Pooled allocations (pkg/xsync)
Parallel netlink readers
io_uring fast path (implemented, but not recommended)
Runtime tuning
PGO & profiling
Configuration
See also

Pooled allocations (`pkg/xsync`)

The hot path recycles objects through sync.Pool rather than allocating per socket. pkg/xsync provides type-safe generic wrappers (pkg/xsync/pool.go) over sync.Pool and sync.Map, eliminating the interface{} type assertions at every call site and making pool misuse a compile error. pkg/xtcp/init_sync_pools.go wires up the pools used by the collector: packet buffers, netlink message headers, and the protobuf Envelope / XtcpFlatRecord messages. Recycling these keeps GC pressure flat as the socket count grows.

Parallel netlink readers

Each namespace runs -netlinkers reader goroutines (default 4) created by pkg/xtcp/init_netlinkers.go. Reads and deserialization happen in parallel, so a single namespace with many flows isn't bottlenecked on one goroutine draining the socket. Raise this on hosts with very high per-namespace flow counts. See netlink collection.

io_uring fast path (implemented, but not recommended)

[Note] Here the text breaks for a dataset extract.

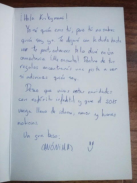 Jajajajaj, entre tanto paquetito, tan bien decorados y el misterio que le puso mi amiga en todo, mi hija y yo alucinando estabamos!!!, hacía tiempo que no nos veíamos las 2 con tanta ilusión, como 2 niñas pequeñas en el día de reyes...jejejej

On Linux 6.1+ you can opt into an io_uring-based I/O path with -ioUring. Instead of blocking recvfrom/sendto syscalls, it submits batched recvmsg (netlink reads) and raw-socket write operations to an io_uring ring and reaps completions in batches. The implementation:

pkg/io_uring/ring.go — ring lifecycle, SQE submission, CQE reaping.
pkg/xtcp/netlinker_iouring.go — the io_uring variant of the netlinker.
Tuning: -ioUringRecvBatch (default 64, recvmsg SQEs in flight per netlinker, 1–4096) and -ioUringCqeBatch (default 128, max CQEs reaped per call, 1–4096). Ring memory is bounded by RLIMIT_MEMLOCK; CAP_SYS_RESOURCE lets the daemon raise it (see observability). The iouring-audit flake check guards this code, and a coverage microVM exercises the path.

Measured impact — and why we don't recommend it

A controlled A/B (1 h each, identical stable workload, io_uring the only variable; see stability-testing.md) found no kernel-load benefit for xtcp2's netlink workload:

per netlink packet	syscall	io_uring
kernel CPU (`stime`)	743 µs	733 µs (−1.4%, noise)
context switches	0.086	0.083
RSS	~56 MB	~186 MB (+232%)
dominant syscall	`recvfrom` (92.5%)	`io_uring_enter` (92.4%)

io_uring cleanly replaces recvfrom with io_uring_enter but doesn't lower per-packet kernel CPU, because the cost is dominated by the kernel generating the inet_diag dump (walking the socket table, serializing tcp_info/cong/meminfo — ~10 µs/socket), not by syscall entry/exit overhead (~0.1% of the per-packet cost). io_uring optimizes that 0.1%. It also doesn't reduce OS-thread usage — the io_uring netlinker still runtime.LockOSThread()s per netlinker (same ns × netlinkers scaling). Net: same CPU, same thread count, 3× the memory.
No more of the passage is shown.